Advantages and Disadvantages of Printed Sensors

This page explores the advantages and disadvantages of flexible printed sensors, highlighting the benefits and drawbacks of this technology.

Introduction

Traditional PCB-based electronic devices are known for being rigid and bulky. They also tend to be heavier and have a fixed form factor. Flexible printed sensors and flexible PCBs have emerged as solutions to these limitations. Several industry trends are driving their adoption, including the Industrial Internet of Things (IIoT), advancements in healthcare, and the rise of smart homes and smart cities.

Printed sensors find applications in a variety of areas, such as:

• Temperature and humidity monitoring
• Air quality measurement
• Leak detection
• Fingerprint sensing
• Force sensing
• Vibration identification
• Flexible displays
• Solar products
• Batteries

Basics and Types of Printed Sensors

Using 3D printing techniques, various types of sensors are manufactured based on input, output, and other mechanical properties. These printed sensors leverage flexible hybrid electronics, combining printing and silicon technologies.

Here’s a breakdown of different types of flexible printed sensors:

• Printed Pressure Sensor: These sensors operate on piezoresistive or piezoelectric principles. Common applications include force-sensitive touchpads and smart flooring.
• Printed Temperature Sensor: Utilizing flexible printing technology, these sensors are manufactured in 2D for cost-effectiveness. They are used in mobile phones, laptops, electric vehicles, and other applications.
• Printed Light Sensor (or Optical Sensor): These sensors use the organic photovoltaic principle along with optimized light detection.
• Printed Capacitive Strain Sensor: These are often used in e-textile applications, like medical rehabilitation monitoring and AR (Augmented Reality) gloves.
• Printed Gas Sensor: Used for measuring indoor and outdoor air quality, these sensors are compact and consume less power.
• Printed Biometric Sensor: Based on electro-chemical principles, these sensors measure electrical impulses in the human body, such as brain activity, heart rate, respiration rate, and muscle activity.
• Matrix Sensor: Primarily used in capacitive sensing applications, matrix sensors measure changes in electric current supplied to columns or rows, rather than voltages.

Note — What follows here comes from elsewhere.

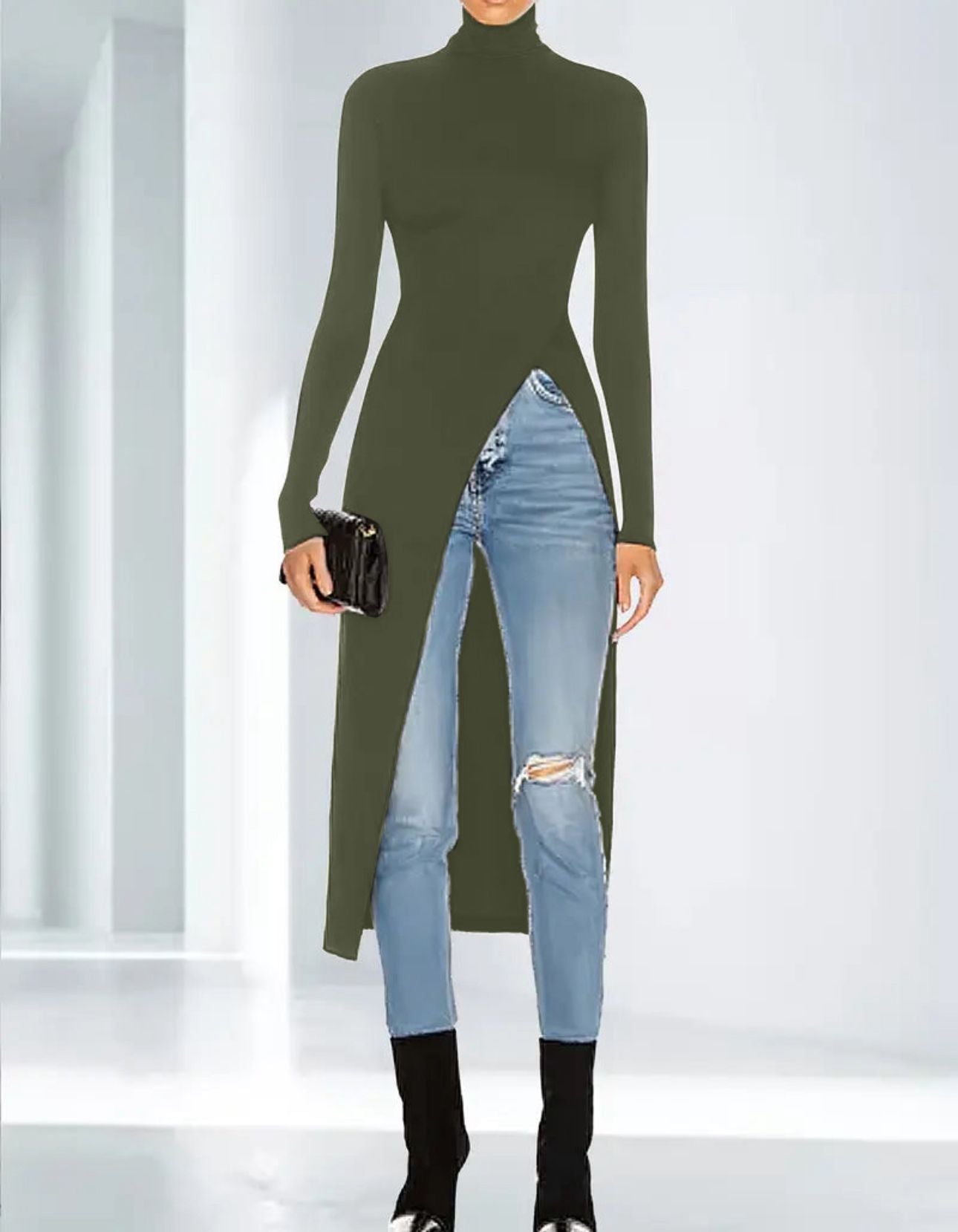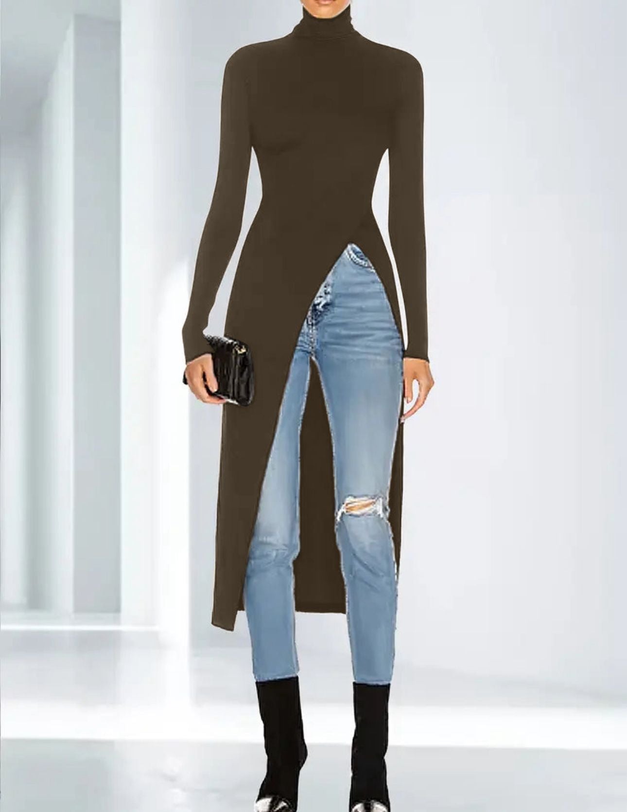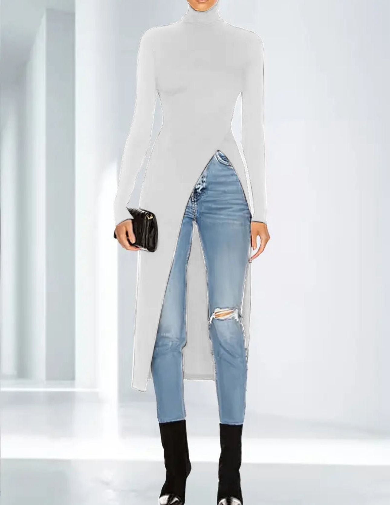 Tato dlouhá halenka s rolákem a asymetrickým předním rozparkem dodává postavě štíhlost a jedinečný šarm. Díky pružnému materiálu (95% polystretch, 5% elastan) se dokonale přizpůsobí tělu a zároveň poskytne pohodlí během celého dne.

Advantages of Printed Sensors

Here are some of the key benefits of using printed sensors:

• Thin and Flexible: They are remarkably thin and flexible, enabling integration into unconventional spaces.
• Cost-Effective Production: Large-scale manufacturing leads to cost-effective production.
• Customization: Flexible shapes and printing methodologies allow for customized printing to suit different applications. They are excellent for rapid prototyping.
• Smaller Size Integration: Printed sensors contribute to creating smaller flexible products. Their small size facilitates easy integration with other components.
• Faster Response: They respond more quickly to stimuli compared to traditional sensors.

Disadvantages of Printed Sensors

Despite their advantages, printed sensors also have some drawbacks:

• Lower Performance: They typically offer lower performance compared to conventional sensors.
• Shorter Life Cycle: Their lifespan is generally shorter than that of conventional sensors.
• Advanced Manufacturing Required: Production requires the latest manufacturing technologies.
• Difficult Handling of Thinned Dies: Thinned dies are difficult to manage and attach to printed traces.